Nach deiner Logik sind alle die bleiben und sich alles "schönreden" genau dieselben "fucktards", die genau dieselben "Ausreden um zu bleiben" erfinden bzw. alle möglichen Probleme "aktiv unter den Tisch kehren", weil sie das Gefühl haben sie müssen sich rechtfertigen warum sie das Spiel nicht verlassen.

Insgesamt möchte ich mich davon distanzieren die Menschen insgesamt als scheiße oder "fucktards" zu betiteln. 



> Und doch Oldboy, fast jeder Mensch sucht unterbewusst & zwanghaft ausreden für alles mögliche. Nicht nur Fehlentscheidungen. Wir schönen unsere Wahrnehmung permanent (bzw unser Gehirn macht das, wir haben da nur selten aktiv Einfluss).

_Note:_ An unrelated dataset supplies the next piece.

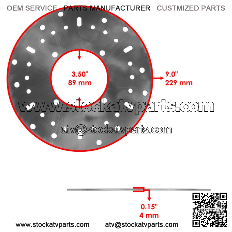 Front Disc Inner Diameter 3.50″ | 89mmFront Outer Diameter 9.0″ | 229mmFront Disc Thickness 0.15″ | 4mmRear Outer Diameter 8.0″ | 203mmRear Disc Thickness 0.18″ | 4.75mmRear Disc Mounting Hole Distance 3.7″ | 94mm Order Includes:
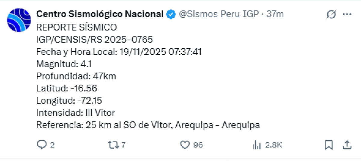 Un temblor de magnitud 4,1 se registró a las 07:37 a. m. a 47 kilómetros al suroeste de Vitor, Arequipa. El temblor de este 19 de noviembre, tuvo una profundidad de 47 kilómetros, según informó el Instituto Geofísico del Perú (IGP) vía Twitter. Recuerda tener siempre lista una mochila de emergencia para estar preparado ante un desastre natural.

Jaja, die Rechtfertigung kommt jetzt wieder durch dein Laienwissen in Bezug auf die menschliche Psyche usw. Das ist alles richtig, aber das ändert nichts an den Fakten. Du kannst auch sagen, dass eigentlich WAR das bessere Spiel ist als WOTLK, aber die Wahrnehmung dieser Wechsler wird von dem bunten Blizzard-Comic-Erfolgs-Raidcrap derartig manipuliert, dass sie alle (gegen deren eigentlich echten Willen) lieber WOTLK mochten. Einfach nur lächerlich.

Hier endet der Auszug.